Leftist: Hey, here's a great idea! Let's forgive all personal debt!

Most people on the political Left seem only slightly familiar with logic--which is no disadvantage when it comes to leading what passes for thought on the Left.

A writer for the Vox blog illustrates this perfectly, in a post commenting on an article written by Russell Brand--who I gather is some sort of entertainer--about what a great idea it would be if the government ordered that all personal debt was immediately cancelled.

Of course neither Brand nor the Vox blogger actually uses the phrase "...if the government ordered..."  Because of course who else would have the power to do that?  Instead they couch it in the passive tense:  "What a good idea cancelling personal debt would be," as if it just happened all by itself.

Gosh, this seems oddly familiar.  Have we seen this before?

Why yes, we have!  It's the same basic idea as Obamacare ("you can get free health care"), Obamaphones or any other liberal/"progressive" program:  If you elect us, our party will have the government give you free stuff.  All you want.

Here's the core 'grafs:
The key issue is...if a debtor gets an extra dollar he's likely to spend it on current consumption, whereas a creditor is likely to save it. In a full-employment economy, reducing the creditors' savings reduces the pool of capital available for investment. That raises interest rates and slows investment, even as the new money in the pockets of debtors raises consumption. The economic impact is neutral in the short-term, and by reducing investment you get a negative long-term impact.

But if the economy isn't at full employment — i.e., it's in need of stimulus — then this works differently. Because inflation is low, the central bank will keep interest rates low regardless of the diminished pool of capital. But the newly enriched debtors will still raise their level of consumption, boosting the economy. Even better, with more demand for consumption goods in the economy, companies may even be inspired to invest more. That boosts the economy's long-term prospects.
It's hard to cram as much ignorance into a single paragraph as the writer did in that second 'graf.

There's no doubt that forgiving all debt would unlease a torrent of consumer spending.  And the guy correctly sees that wiping out creditors' investments would "reduce the pool of capital available for investment."  He concludes in a full-employment economy" the long-term impact would be negative.

But see how deftly he waves away that profound negative in the second 'graf:  He argues that "the central bank will keep interest rates low regardless of the diminished pool of capital."  But of course even rock-bottom interest rates only help if a bank is willing to loan money to borrowers.  If the government has just forgiven all debts, how eager does he think banks will be to loan more money?

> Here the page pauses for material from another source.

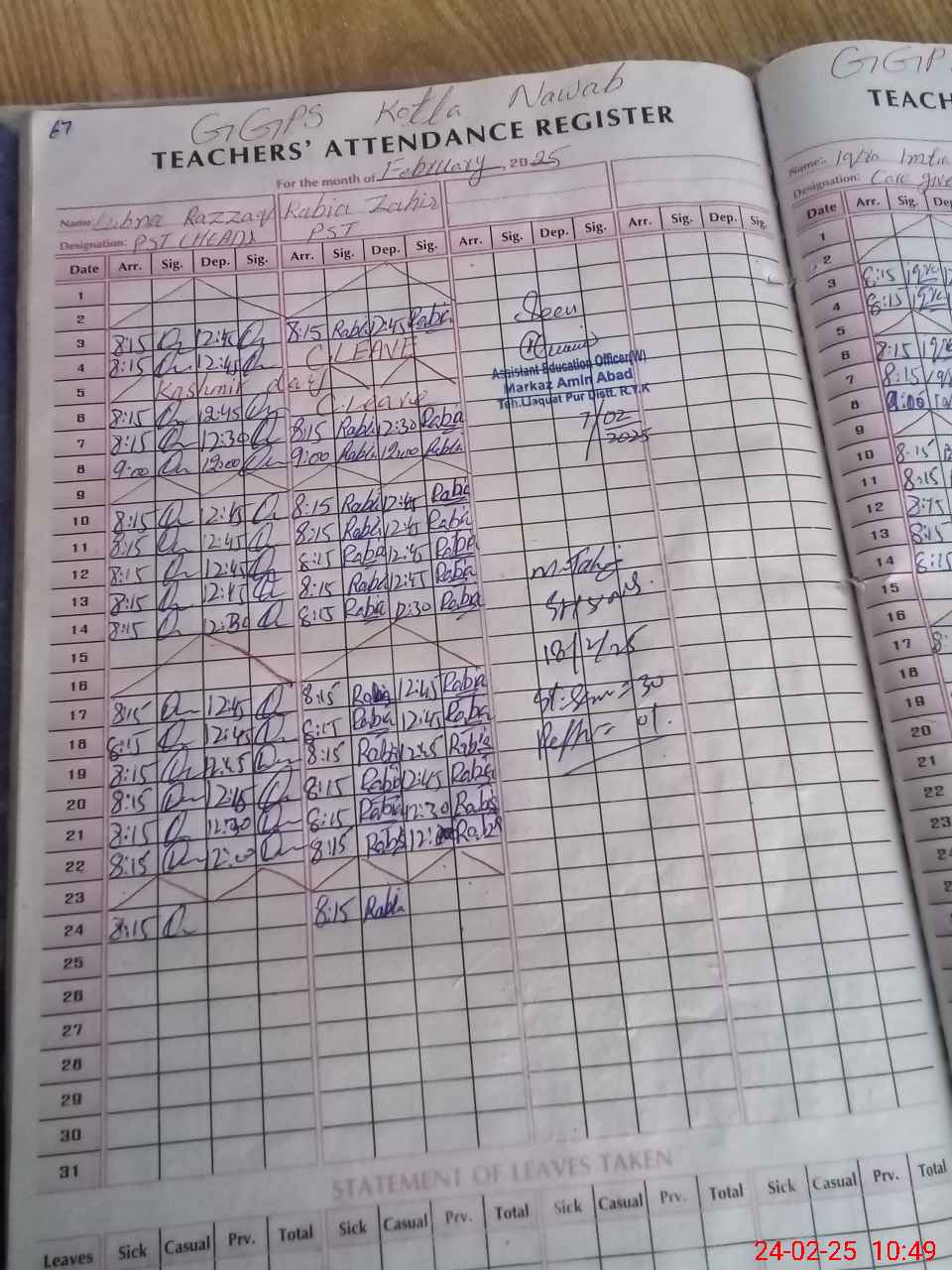 | Name: Lu**** Ra**** Designation: (School Headmaster's/Headmistress's) PST Phone/Cell Number: 03**** |

If the government is powerful enough and ruthless enough to forgive all personal debt once, what would keep it from doing so again?  But no matter--with "newly enriched debtors" flooding the markets with spending, all will be just super.

Ponder that phrase "newly-enriched debtors" for a moment.  One wonders if the writer would use the same euphemism for a bank robber or mugger:  Not violent or lawbreaking, merely...newly enriched.  This tells you almost everything you need to know about the guy's worldview.

One wonders if the writer has heard of Venezuela:  The socialist government of that country decided businesses were making too much profit, so they simply seized half a dozen businesses that they accused of setting prices too high.  This caused all businesses to double their efforts to sell goods at no profit, and now Venezuela is awash in products and the country's economy is roaring.

Just kidding, of course:  Other businessmen saw the trend and said "I don't think we should be doing business under this lawless government--let's go somewhere else!"  The supply of virtually everything got smaller and smaller.  Even the price of coffee went through the roof--in one of the world's largest coffee-exporting nations!  Now the government has started rationing food.

Yeah, that worked reeeally well.

But to leftists/socialists/"progressives" all such programs are a great idea, and in Left-thinking they should work.  So if they fail it's either because they were sabotaged by mysterious forces ("reactionaries", "counterrevolutionaries") or because they didn't go far enough.

It'll be interesting to watch this proposal gain momentum in chic leftist circles.  Hey, if you're a leftist/Democrat how can you not like something that give everyone thousands of dollars to spend, while penalizing only "rich" savers and banks?